From 1994 to 2015 he held a teaching position. From 2000 to 2003 he was twice deputy professor. In 2001 he was appointed Honorary Professor for historical musicology at the Institute of Musicology of the University of Music and Theatre Leipzig.

He works as a freelancer for the Mitteldeutscher Rundfunk. He also works as a music critic for music magazines such as Musik und Kirche, Üben und Musizieren, Das Orchester as well as the Freie Presse and the Ostthüringer Zeitung. He wrote several CD booklets in the field of New Music and published composer portraits for the music publisher Breitkopf & Härtel. Sramek is a member of the board of the Sächsischer Musikbund.

== Publications ==
- Studien zur Klangfarbe – unter Einbeziehung von Beispielen aus der Orchestermusik der DDR in den siebziger Jahren. 2 volumes, Leipzig 1980. (zugleich Dissertation, Universität Leipzig 1980)

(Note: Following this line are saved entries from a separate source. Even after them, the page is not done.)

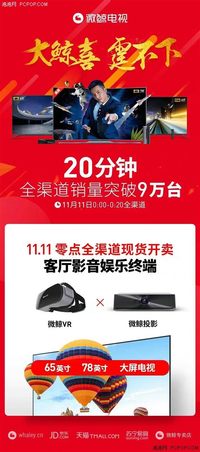 ? ? 如今的雙11已經(jīng)在沒(méi)有多少光棍節(jié)的含義了吧?全都變成通宵達(dá)旦的找券湊單薅羊毛,當(dāng)然,這是消費(fèi)者行為。對(duì)于任何接觸電商的行業(yè)來(lái)說(shuō),銷(xiāo)售戰(zhàn)報(bào)無(wú)疑是他們最為關(guān)心的內(nèi)容,幾分鐘內(nèi)銷(xiāo)量多少?多久時(shí)間銷(xiāo)售額破百萬(wàn)千萬(wàn),這些個(gè)數(shù)字讓人著迷。? ? 根據(jù)我們得到的消息,互聯(lián)網(wǎng)電視品牌微鯨在今年雙11零點(diǎn)開(kāi)始取得了20分鐘全渠道銷(xiāo)量突破9萬(wàn)的佳績(jī),相比今年微鯨電視總銷(xiāo)量可以輕輕松松突破百萬(wàn)了吧?? ? 另一
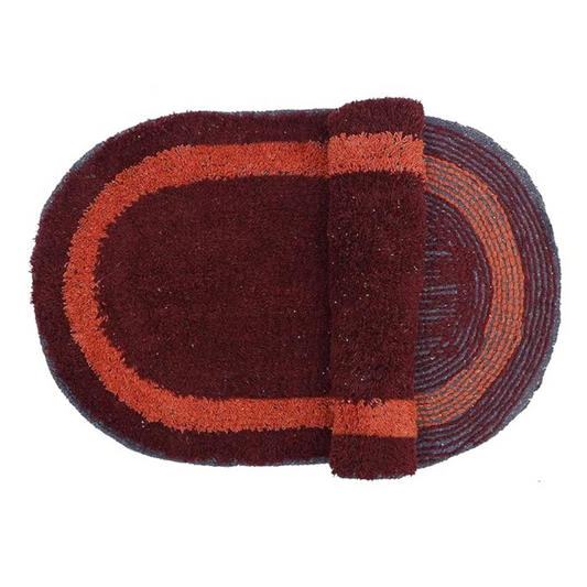 The Home Talk Cotton Bathmats Water Absorbent Runners Regular Striped Rugs Floor Mats Red Oval (Pack of 2)
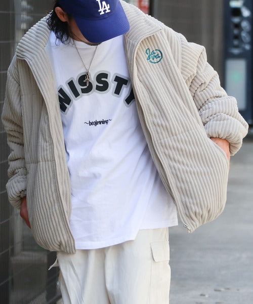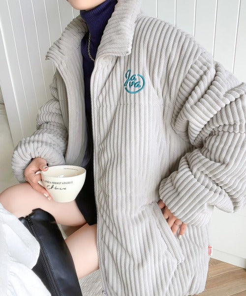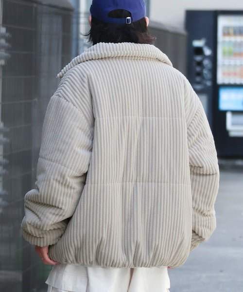 太畝のコーデュロイ素材が新鮮でもこもこで暖かい中綿ブルゾン。
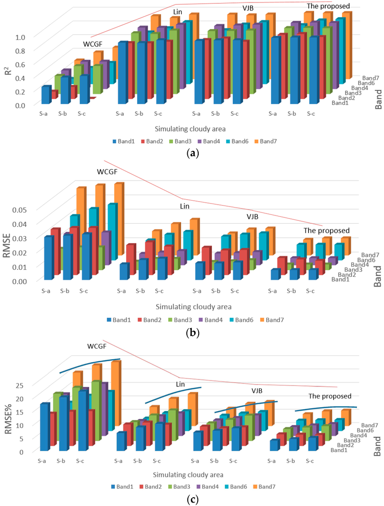 Table 1 and Figure 9 demonstrate that the results from the proposed method has the best and most stable precision of the four methods and that the statistical accuracy (e.g., R2, RMSE, and RMSE%) do not significantly diminish with larger simulated cloudy areas, which means that the proposed method is very robust owing to its physical mechanism and strict retrieving control. Furthermore, other methods based on mathematical statistics may not be stable in enlarged cloudy area.

- with Allmuth Behrendt: Prof. Dr. Johannes Forner: „Durchdachte Poesien“ – die späten Klavierzyklen von Brahms. Abschiedsvorlesung am Freitag, dem 25. Januar 2002, Hochschule für Musik und Theater „Felix Mendelssohn Bartholdy“ Leipzig, Hauptgebäude, Kammermusiksaal. Hochschule für Musik und Theater, Leipzig 2002.
- die töne haben mich geblendet. Festschrift zum 60. Geburtstag des Dresdner Komponisten Jörg Herchet. Kamprad, Altenburg 2003, ISBN 3-930550-28-8.
- Musik mit Klangsinnlich keit und konstruktivem Kalkül. Eine Dokumentation anlässlich des 70. Geburtstages von Siegfried Thiele. Künstlerisches Betriebsbüro der Hochschule für Musik und Theater, Leipzig 2004.
- Dokumentation zum Leben und Schaffen des Leipziger Musikwissenschaftlers, Hochschullehrers und Musikkritikers Prof. Dr. sc. Werner Wolf anläßlich seines 80. Geburtstags am 15. März 2005. Leipzig 2005.
- Thomas Buchholz. Skizzenblätter zu Leben und Werk des halleschen Komponisten. Verlag Neue Musik, Berlin 2011, ISBN 978-3-7333-0809-4.
- (ed.): "Im Lichtstrom versunken nun sonnenhaft": Dokumente zum Schaffen des Dresdner Komponisten Jörg Herchet. Kamprad, Altenburg 2013, ISBN 978-3-930550-75-3.
- with Wolfgang Orf: „Töne befragen – ihr Sosein erkunden“. Siegfried Thiele Werkeverzeichnis (ThWV): eine Dokumentation zu Leben und Schaffen des Leipziger Komponisten. Kamprad, Altenburg 2017, ISBN 978-3-95755-613-4.
- (ed.): „im teil ist das ganze verborgen“. Dokumente zum Werk des Komponisten Jörg Herchet und seines Textautors Jörg Milbradt. Jörg Milbradt zum 75. Geburtstag gewidmet. Kamprad, Altenburg 2018, ISBN 978-3-95755-623-3.